A one-time Oscar winner fallen on hard times, pretty, flirty and nearly 30-years his senior, Gloria is a mystery to Turner and, in turn, to us. Here is where the two leads rise above their script to develop something touching and lovely, something that mines the earth between starstruck and true love. It’s wonderful to behold.
Bening adopts a baby voice as she oscillates between headstrong and insecure, but she seems to fully understand this figure who, in her time, was a daily scandal. Bening moves from seductress to damaged old woman and back again with fluidity and without excuses.
Here’s how McGuigan wrecks it.
1) We get it. It’s the Seventies. Does every surface—including co-star Stephen Graham’s head—have to be covered in garish, patterned shag? The costume and set design are beyond distracting. They will actually make you dizzy.
2) Bening cannot help but pique your interest in Gloria Graham’s life, and several courtship scenes expose something unique and quite worth an entire film. Unfortunately, the movie itself is a maudlin exercise in watching the decay of a once-vibrant woman, punctuated by flashes of that vibrancy.

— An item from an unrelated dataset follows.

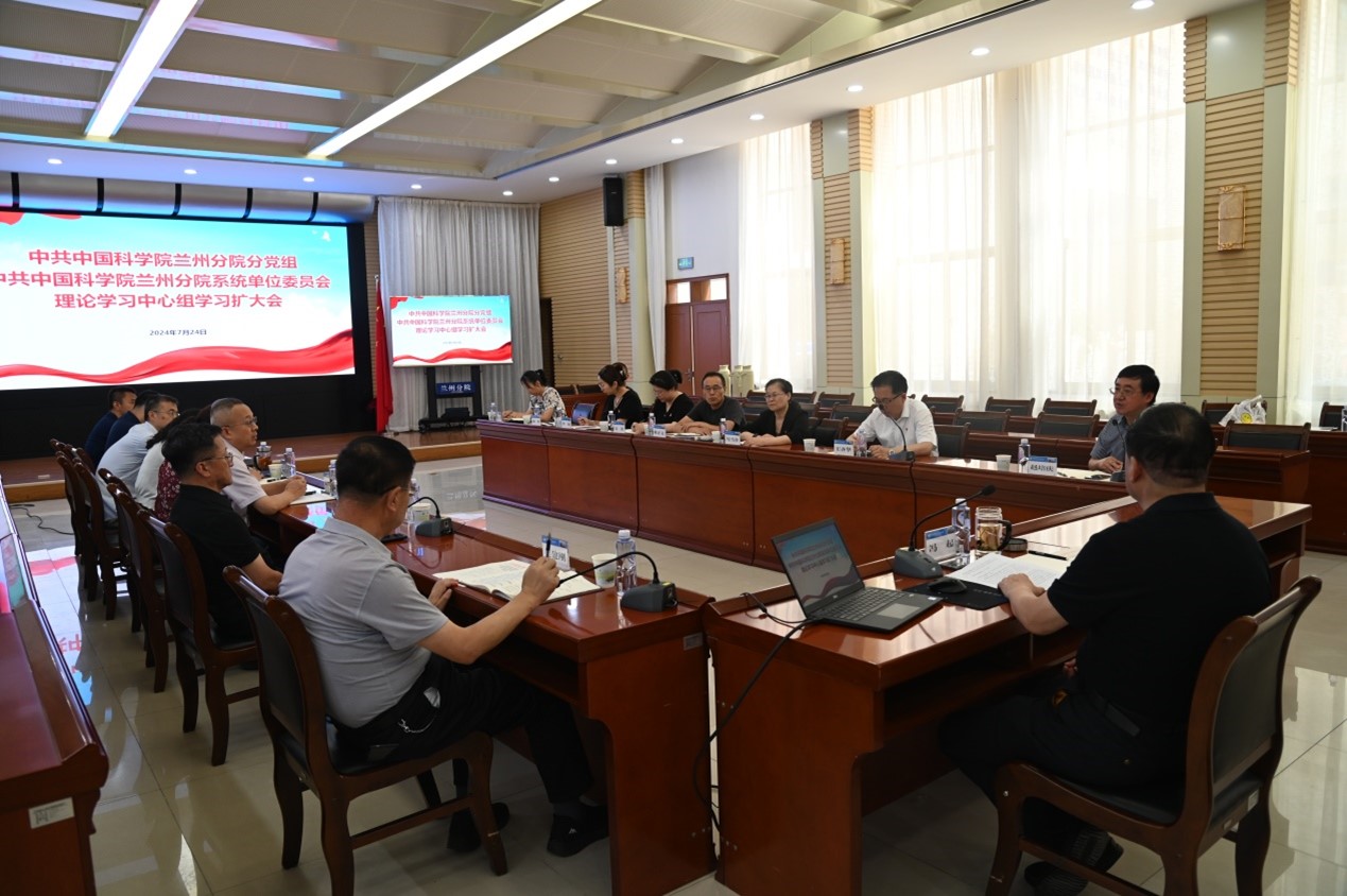 7月24日下午,中國科學(xué)院蘭州分院分黨組、蘭州分院系統(tǒng)單位黨委召開理論學(xué)習中心組學(xué)習擴大會議,傳達學(xué)習黨的二十屆三中全會精神。會議由蘭州分院分黨組書記、院長馮起主持,蘭州分院分黨組成員、系統(tǒng)單位黨委委員、分院機關(guān)黨委委員、高級業(yè)務(wù)主管四級職員,各部門負責人參加會議。

3) He picks at themes of humanizing that which we objectify, even using fun visual nods to the seductive artifice of movies to slide between time spans, but he can’t truly abandon blandly by-the-numbers storytelling.
Which is a shame because, between the two stellar leads and a handful of amazing supporting turns (Vanessa Redgrave and Frances Barber leave marks) there was really something here.